Yves Smith of Naked Capitalism is well-connected: Harvard undergrad, Goldman Sachs out of B-School. McKinsey Consulting. Her book, ECONned, has made her a bit of a celebrity on top of that.
She was one of those warning early and often that a financial collapse was on the way.
She posts today about two conversations she had in a 24-hour period about the state of the nation. It's worth checking out.
She describes the person with whom the first conversation took place:
I ran into an old McKinsey colleague, who had subsequently had impressively titled jobs in Big Firms You Heard Of before semi-retiring to manage family money. He and his very accomplished wife were big Bush donors and had been invited to both inaugurations.
Then she reported what he said:
We need more fiscal stimulus. Obama did too little and too much of what he spent on was liberal pork. We could and need to spend a lot on infrastructure. This is looking a lot like 1936. I’m afraid it could get really ugly. And I’m particularly worried that the Republicans will win big this fall. They’ll cut even deeper, that’s the last thing we need right now.
Smith found his point of view, considering his old-line conservative politics, to be surprising.

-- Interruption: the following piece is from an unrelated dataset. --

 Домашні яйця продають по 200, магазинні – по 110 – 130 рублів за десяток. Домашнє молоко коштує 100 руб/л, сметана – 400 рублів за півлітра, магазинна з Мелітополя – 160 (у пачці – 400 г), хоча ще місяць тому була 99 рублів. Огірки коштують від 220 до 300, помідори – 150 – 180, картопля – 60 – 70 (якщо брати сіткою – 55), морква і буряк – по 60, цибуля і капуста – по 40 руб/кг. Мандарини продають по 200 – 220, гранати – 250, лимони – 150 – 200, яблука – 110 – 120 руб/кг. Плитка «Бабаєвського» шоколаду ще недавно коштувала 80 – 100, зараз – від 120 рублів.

Then she described the participants in the second conversation:
I had lunch with a two long standing, keen observers and participants in the New York scene, as in very involved in some of the city’s important institutions.

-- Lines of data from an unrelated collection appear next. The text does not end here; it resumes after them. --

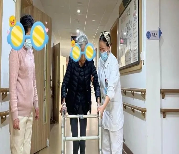 病房里传来温暖鼓励声,99岁的陈奶奶正稳稳握着助行器,在护士的贴心陪伴下一步步缓缓走出病房。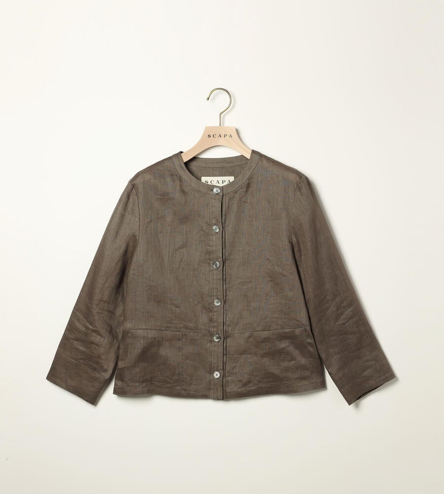 涼しげなシャリ感と上品な光沢感を持ち合わせた麻素材のノーカラージャケット。軽やかな一枚仕立て、かつコンパクトなシルエットで、さらっとシャツのように着こなせます。8分袖と袖口スリット、サイドポケットも特徴。カットソーやワンピースに羽織るほか、前ボタンを閉じてトップス感覚でも着用いただけます。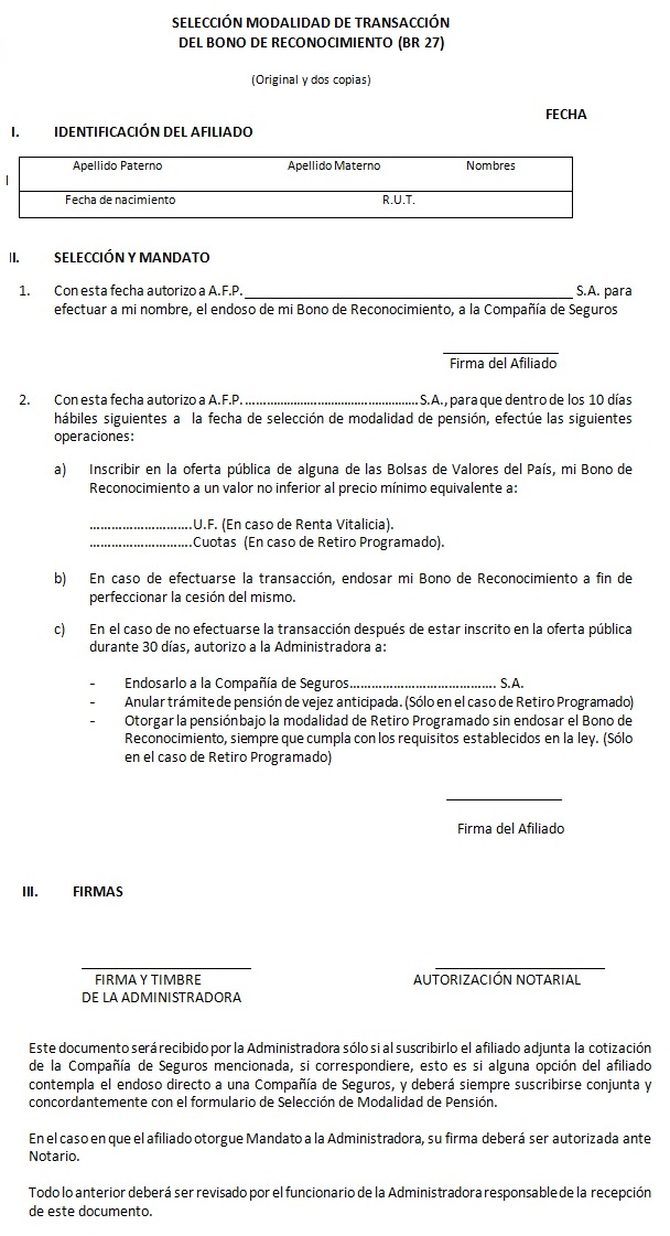 Libro III Beneficios Previsionales > Título III Bono de Reconocimiento > B. Tramitación del Bono de Reconocimiento > Anexos > Anexo Nº 7 Selección Modalidad de Transacción del Bono de Reconocimiento (BR 27)

Pretty vague, but you will understand why she doesn't want to describe them with too much specificity. Here's one of the conversation topics:
The conversation turned to whether the US was going towards revolution or fascism. One argued for the a continuation of trends underway: that the continuing weakness of the Obama Administration (and the discrediting of other members of the elite) meant there was a power vacuum. The obvious group to exploit it is the most strident, uncompromising opportunists, an area where the extreme right has a monopoly. The other, who has been reading up on the French Revolutions. took issue with the conventional idea that a revolution is impossible in America: "In France, the trigger was that people were hungry. We are close(r) to that point than most think." He stressed the desensitization to violence (video games, more and more violence) plus widespread gun ownership. And he pointed to rising and underreported crime in the city, for instance, assaults of cab drivers.
He also noted that he believed that there were a lot of people (and he meant in the upper income strata) who were barely holding on, keeping up appearances, and hoping something would break their way. Some might get lucky, but most will hit the wall financially.
Smith is a critic of the Obama Administration and especially, Geither, Summers and Bernanke. Her perspective is from the Left (she often links to Chris Hedges and Counterpunch writers), but she travels in very Establishment circles.
Make of it what you will, but there is the widespread impression, some of it more articulate and some less, that our institutions are failing.
If the ball starts rolling, major change could come fast.
(The long comment thread at NC is as interesting as the original post.)